Чем отвлеченнее была точка зрения Чернышевского в вопросах социализма, тем легче ему было отвлекаться от индивидуальных особенностей каждой данной социалистической системы и беспристрастно защищать только то, что составляло, по его мнению, общую душу всех этих систем, т. е. отвлеченные положения вроде того, что наука должна заботиться об интересах трудящейся массы, а не об интересах людей, эксплуатирующих эту массу и т. п. И тем естественнее было для него, нисколько не противореча себе, излагать, под видом своего собственного плана общественного переустройства, план того или другою, более или менее случайно выбранного социалиста-утописта. Так, например, в статье "Капитал и труд" он изложил план Луи Блана, придав своему изложению, — как этого и надо было ожидать, — до последней степени отвлеченный характер [24]. А в другом месте он поясняет, почему ему вздумалось взять в пример тогда Лун Блана. Он говорит: "мы хотели только сказать, что по особенному историческому случаю его мысли приобрели историческую важность, которой иначе бы и не имели, потому что оригинального в них мало" [25]. Таким образом "собственным" планом Чернышевского на самом деле вовсе не был план Луи Блана. При других обстоятельствах он назвал бы своим собственным планом план какого-нибудь другого социалиста. Ему, как уже сказано, важно было бы не то, что составляло особенность того или другого из этих планов, а то, что составляло основу, общую им всем: отрицательное отношение к существующему экономическому порядку и убеждение в том, что возможен экономический строй, основанный на союзном, товарищеском труде работников. Эти основные черты, общие всем социалистическим системам, он горячо отстаивал в спорах с экономистами "отсталой школы", о которых он говорил, что каждый из них "скорее согласится пойти в негры и всех своих соотечественников тоже отдать в негры", нежели сказать, что в том или другом социалистическом плане нет ничего слишком дурного или неудобоисполнимого. К этому можно прибавить, правда, что по характеру своего ума, преобладающей чертой которого являлась рассудочность, он более склонен был сочувствовать тем из великих основателей социалистических систем, которые меньше поддавались увлечениям фантазии. Так, например, Роберт Оуэн был, несомненно, ближе к нему, нежели Фурье.

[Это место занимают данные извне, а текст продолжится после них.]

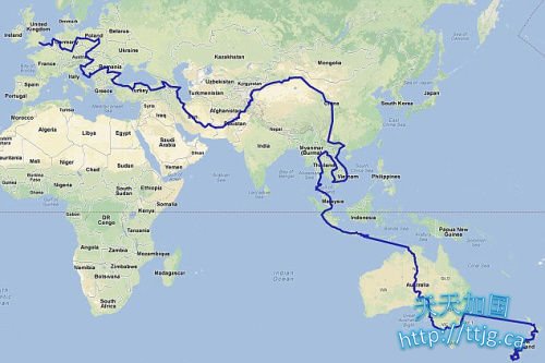 目前,凯特和史蒂夫才从澳大利亚北部的达尔文港进入马来西亚,还将经过老挝、柬埔寨、越南、中国、巴基斯坦、伊朗、阿塞拜疆、亚美尼亚和格鲁吉亚,然后由土耳其进入欧洲,最后抵达“老家”英国。

Спешим, однако, заметить, что, несмотря на отвлеченный характер своей социалистической мысли, Чернышевский при своем трезвом уме и при своем всегдашнем стремлении к практической деятельности, не мог принадлежать к числу тех утопистов, которые требуют, чтобы человечество целиком приняло их утопии, и считают бесплодными или даже вредными все частные экономические реформы. Таковы, например, анархисты. Чернышевский едко смеется над подобными фантазерами. "Во имя высших идеалов отвергать какое-нибудь, хотя бы и не вполне совершенное улучшение действительности — значит слишком уже идеализировать и потешаться бесплодными теориями". По его мнению, у людей, склонных к таким потехам, "дело кончается большей частью тем, что после напряженных усилий подняться до своего идеала, они опускаются так, что уже вовсе не имеют пред собою никакого идеала". Это уже не в бровь, а прямо в глаз анархистам, да, если говорить правду, и не одним анархистам…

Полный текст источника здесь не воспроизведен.